Records for this task:
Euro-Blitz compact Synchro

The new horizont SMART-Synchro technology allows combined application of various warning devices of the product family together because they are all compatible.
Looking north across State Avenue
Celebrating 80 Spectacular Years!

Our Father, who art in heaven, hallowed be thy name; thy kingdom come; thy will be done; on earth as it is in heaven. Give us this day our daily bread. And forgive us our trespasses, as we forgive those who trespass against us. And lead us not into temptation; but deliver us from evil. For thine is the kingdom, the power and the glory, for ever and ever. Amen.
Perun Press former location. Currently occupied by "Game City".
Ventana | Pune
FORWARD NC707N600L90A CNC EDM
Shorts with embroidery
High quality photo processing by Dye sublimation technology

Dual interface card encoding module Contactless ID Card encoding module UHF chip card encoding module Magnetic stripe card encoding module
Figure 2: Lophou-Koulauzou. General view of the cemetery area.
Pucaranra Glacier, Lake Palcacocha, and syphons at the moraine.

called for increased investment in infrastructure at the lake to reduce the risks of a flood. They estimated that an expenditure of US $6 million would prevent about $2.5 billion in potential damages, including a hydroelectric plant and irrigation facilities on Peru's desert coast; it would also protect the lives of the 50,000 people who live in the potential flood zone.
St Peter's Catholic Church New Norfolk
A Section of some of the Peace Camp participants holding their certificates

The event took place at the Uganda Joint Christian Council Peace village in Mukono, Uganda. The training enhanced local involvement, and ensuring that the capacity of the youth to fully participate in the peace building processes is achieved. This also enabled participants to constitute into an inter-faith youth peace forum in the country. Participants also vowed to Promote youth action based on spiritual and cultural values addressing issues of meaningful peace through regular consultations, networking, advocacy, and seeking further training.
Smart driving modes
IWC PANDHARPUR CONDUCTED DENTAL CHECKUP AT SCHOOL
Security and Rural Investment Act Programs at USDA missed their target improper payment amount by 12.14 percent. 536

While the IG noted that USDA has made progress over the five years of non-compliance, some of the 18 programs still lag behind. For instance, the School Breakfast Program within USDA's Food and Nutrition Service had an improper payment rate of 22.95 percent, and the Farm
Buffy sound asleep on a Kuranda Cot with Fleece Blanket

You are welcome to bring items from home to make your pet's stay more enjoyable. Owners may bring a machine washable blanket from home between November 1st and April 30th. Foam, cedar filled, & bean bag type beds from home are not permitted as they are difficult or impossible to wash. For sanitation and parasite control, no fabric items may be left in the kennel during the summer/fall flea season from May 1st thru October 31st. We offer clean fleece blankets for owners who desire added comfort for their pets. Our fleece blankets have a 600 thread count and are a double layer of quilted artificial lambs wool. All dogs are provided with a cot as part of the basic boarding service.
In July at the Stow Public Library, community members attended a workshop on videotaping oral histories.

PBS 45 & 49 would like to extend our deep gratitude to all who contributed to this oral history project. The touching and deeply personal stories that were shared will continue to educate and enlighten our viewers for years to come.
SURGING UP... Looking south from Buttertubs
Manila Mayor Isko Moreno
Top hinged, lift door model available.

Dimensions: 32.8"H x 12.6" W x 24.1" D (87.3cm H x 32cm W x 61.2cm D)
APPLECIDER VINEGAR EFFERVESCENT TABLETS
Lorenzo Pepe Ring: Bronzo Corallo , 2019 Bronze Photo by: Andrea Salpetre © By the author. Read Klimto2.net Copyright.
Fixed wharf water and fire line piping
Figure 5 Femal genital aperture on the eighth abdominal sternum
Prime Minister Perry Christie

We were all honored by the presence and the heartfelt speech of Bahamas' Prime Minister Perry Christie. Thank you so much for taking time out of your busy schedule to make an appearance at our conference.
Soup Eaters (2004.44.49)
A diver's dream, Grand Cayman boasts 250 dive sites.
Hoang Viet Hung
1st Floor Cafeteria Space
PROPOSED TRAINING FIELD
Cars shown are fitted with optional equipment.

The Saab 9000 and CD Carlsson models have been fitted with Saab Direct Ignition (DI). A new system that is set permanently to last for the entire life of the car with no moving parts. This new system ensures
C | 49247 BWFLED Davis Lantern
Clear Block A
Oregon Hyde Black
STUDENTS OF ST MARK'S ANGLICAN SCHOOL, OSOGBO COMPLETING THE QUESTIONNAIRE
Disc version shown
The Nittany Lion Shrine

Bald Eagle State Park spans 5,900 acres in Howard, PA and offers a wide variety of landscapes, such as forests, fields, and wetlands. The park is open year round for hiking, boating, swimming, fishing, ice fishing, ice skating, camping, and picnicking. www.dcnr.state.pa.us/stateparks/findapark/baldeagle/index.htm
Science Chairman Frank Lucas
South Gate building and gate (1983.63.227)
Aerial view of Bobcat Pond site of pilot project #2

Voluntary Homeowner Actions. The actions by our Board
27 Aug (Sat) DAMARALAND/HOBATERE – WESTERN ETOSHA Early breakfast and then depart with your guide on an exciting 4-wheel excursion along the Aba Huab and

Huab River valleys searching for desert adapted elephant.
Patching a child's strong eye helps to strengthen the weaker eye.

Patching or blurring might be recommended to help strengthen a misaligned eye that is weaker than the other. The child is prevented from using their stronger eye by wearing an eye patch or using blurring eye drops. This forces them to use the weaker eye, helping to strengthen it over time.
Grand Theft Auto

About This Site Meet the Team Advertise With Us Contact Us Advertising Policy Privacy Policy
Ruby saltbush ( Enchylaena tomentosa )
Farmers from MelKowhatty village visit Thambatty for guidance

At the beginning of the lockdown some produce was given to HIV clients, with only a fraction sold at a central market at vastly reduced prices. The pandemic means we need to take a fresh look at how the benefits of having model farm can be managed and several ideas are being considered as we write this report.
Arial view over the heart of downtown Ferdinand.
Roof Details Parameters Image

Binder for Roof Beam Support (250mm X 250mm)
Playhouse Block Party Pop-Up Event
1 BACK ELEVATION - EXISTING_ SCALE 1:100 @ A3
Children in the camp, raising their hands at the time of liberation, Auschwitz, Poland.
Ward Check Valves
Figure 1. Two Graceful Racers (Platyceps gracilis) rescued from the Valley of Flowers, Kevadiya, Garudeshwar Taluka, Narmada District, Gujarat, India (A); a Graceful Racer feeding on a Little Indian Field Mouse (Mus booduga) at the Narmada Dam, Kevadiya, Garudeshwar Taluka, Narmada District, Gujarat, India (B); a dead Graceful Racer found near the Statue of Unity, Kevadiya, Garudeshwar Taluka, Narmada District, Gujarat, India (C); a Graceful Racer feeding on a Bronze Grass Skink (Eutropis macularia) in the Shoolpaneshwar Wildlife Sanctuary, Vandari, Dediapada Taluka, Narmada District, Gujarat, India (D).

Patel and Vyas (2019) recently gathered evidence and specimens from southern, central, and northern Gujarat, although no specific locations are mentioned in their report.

What you need to do: With the line containing "Celebrating 80 Spectacular Years!" as the last one, please set down exactly the lines of the records above from their very first line, and nothing more.

Your solution:
Euro-Blitz compact Synchro

The new horizont SMART-Synchro technology allows combined application of various warning devices of the product family together because they are all compatible.
Looking north across State Avenue
Celebrating 80 Spectacular Years!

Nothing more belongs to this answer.